Dataset excerpts:
[Start of Attachment]
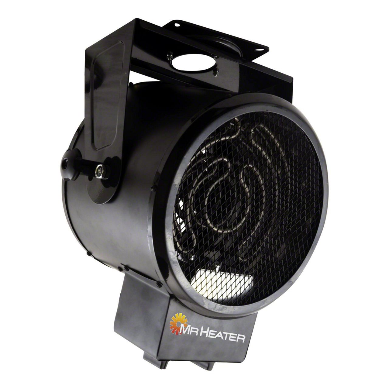 Description. Mr Heater's ceiling mounted electric heater is a perfect solution for any garage, barn or workshop. No ventilation is required so installation is a breeze. You just need a 240v power supply from a 30amp circuit. The laminated enclosed industrial strength motor and heavy duty electric coils will provide years of trouble free heat.
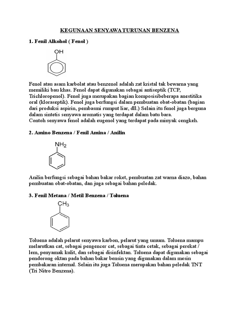 Turunan Benzena Dan Kegunaannya Benzena Dan Turunannya Amaldoft
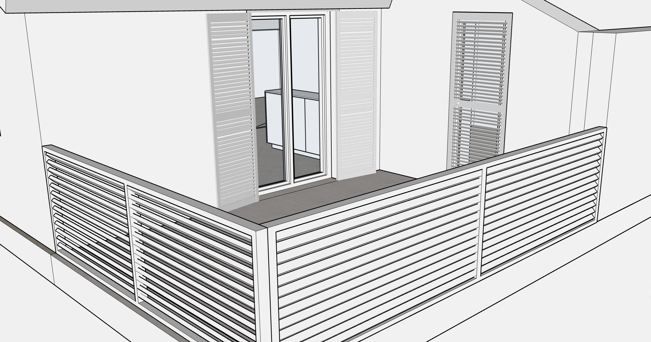 add round table for 4 for outside with 4 chairs make roof look like roof and make balcony look like mediterranean style
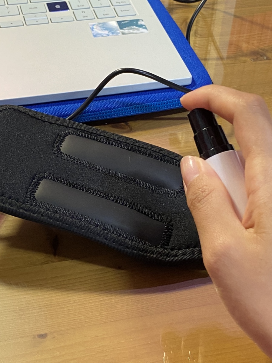 손목보호대 EMS밴드 안쪽에 저렇게(오른쪽 사진) 2개로 맨질한 부분이 있는데, 그곳이 전극패드로 물을 채운 워터 스프레이로 약 5번 물을 분사합니다.
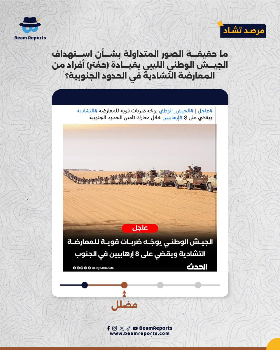 الصور قديمة، إذ تأكد فريق المرصد بأن الصور المصاحبة للادعاء قديمة ولا صلة لها بالحدث الذي تأكد وقوعه بالفعل، إذ استهدفت قوات خليفة حفتر أفراد من المعارضة التشادية في الحدود الليبية الجنوبية.
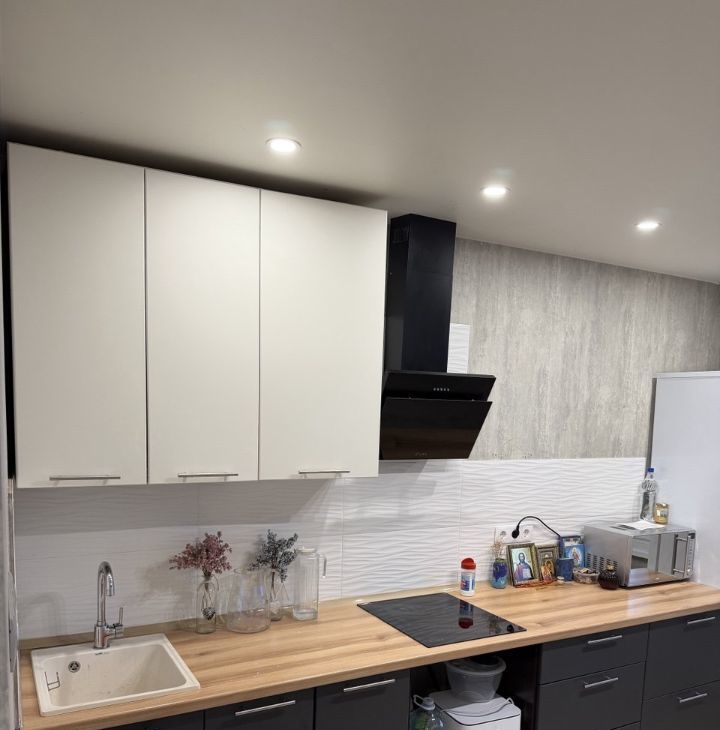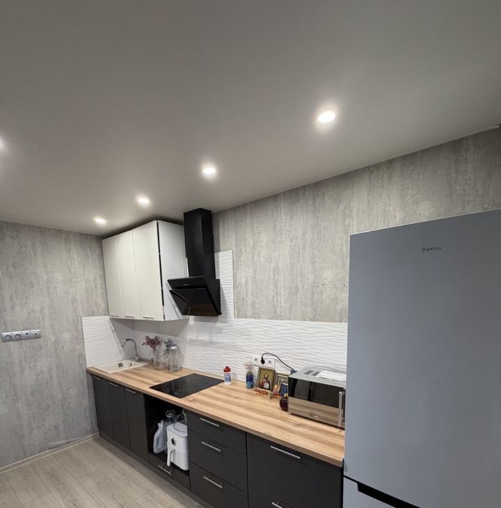 ОТДЕЛКА: В квартире выполнен качественный ремонт и размещена современная мебель. Кухонная зона оборудована гарнитуром с бытовой техникой: холодильником, стиральной машиной, вытяжкой и варочной панелью. Реализовано точечное освещение. В комнате двухпальная кровать, раскладные кресла, шкаф для одежды, рабочий уголок.
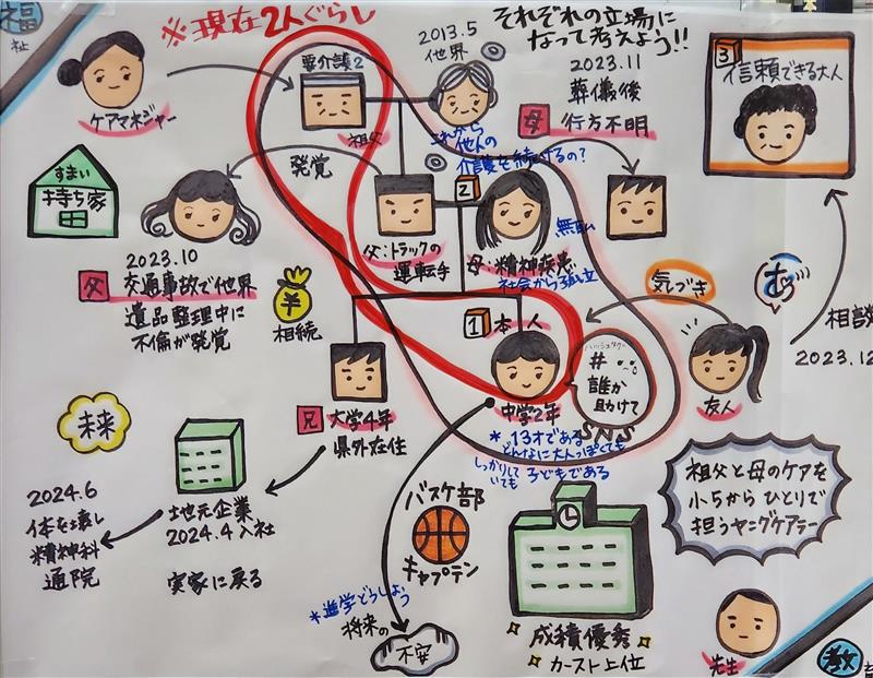 ①考え方や感じ方を出し合う:当事者や家族になりきって”自分だったら”を話し合います
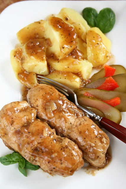 Roladki z kurczaka w sosie grzybowym i pęczak z boczkiem i cebulką
[End of Attachment]
§ WHAT YOU NEED TO DO
Every entry above should come back exactly as written, except for its pictures.

§ WRITTEN REPLY
 Description. Mr Heater's ceiling mounted electric heater is a perfect solution for any garage, barn or workshop. No ventilation is required so installation is a breeze. You just need a 240v power supply from a 30amp circuit. The laminated enclosed industrial strength motor and heavy duty electric coils will provide years of trouble free heat.
 Turunan Benzena Dan Kegunaannya Benzena Dan Turunannya Amaldoft
 add round table for 4 for outside with 4 chairs make roof look like roof and make balcony look like mediterranean style
 손목보호대 EMS밴드 안쪽에 저렇게(오른쪽 사진) 2개로 맨질한 부분이 있는데, 그곳이 전극패드로 물을 채운 워터 스프레이로 약 5번 물을 분사합니다.
 الصور قديمة، إذ تأكد فريق المرصد بأن الصور المصاحبة للادعاء قديمة ولا صلة لها بالحدث الذي تأكد وقوعه بالفعل، إذ استهدفت قوات خليفة حفتر أفراد من المعارضة التشادية في الحدود الليبية الجنوبية.
 ОТДЕЛКА: В квартире выполнен качественный ремонт и размещена современная мебель. Кухонная зона оборудована гарнитуром с бытовой техникой: холодильником, стиральной машиной, вытяжкой и варочной панелью. Реализовано точечное освещение. В комнате двухпальная кровать, раскладные кресла, шкаф для одежды, рабочий уголок.
 ①考え方や感じ方を出し合う:当事者や家族になりきって”自分だったら”を話し合います
 Roladki z kurczaka w sosie grzybowym i pęczak z boczkiem i cebulką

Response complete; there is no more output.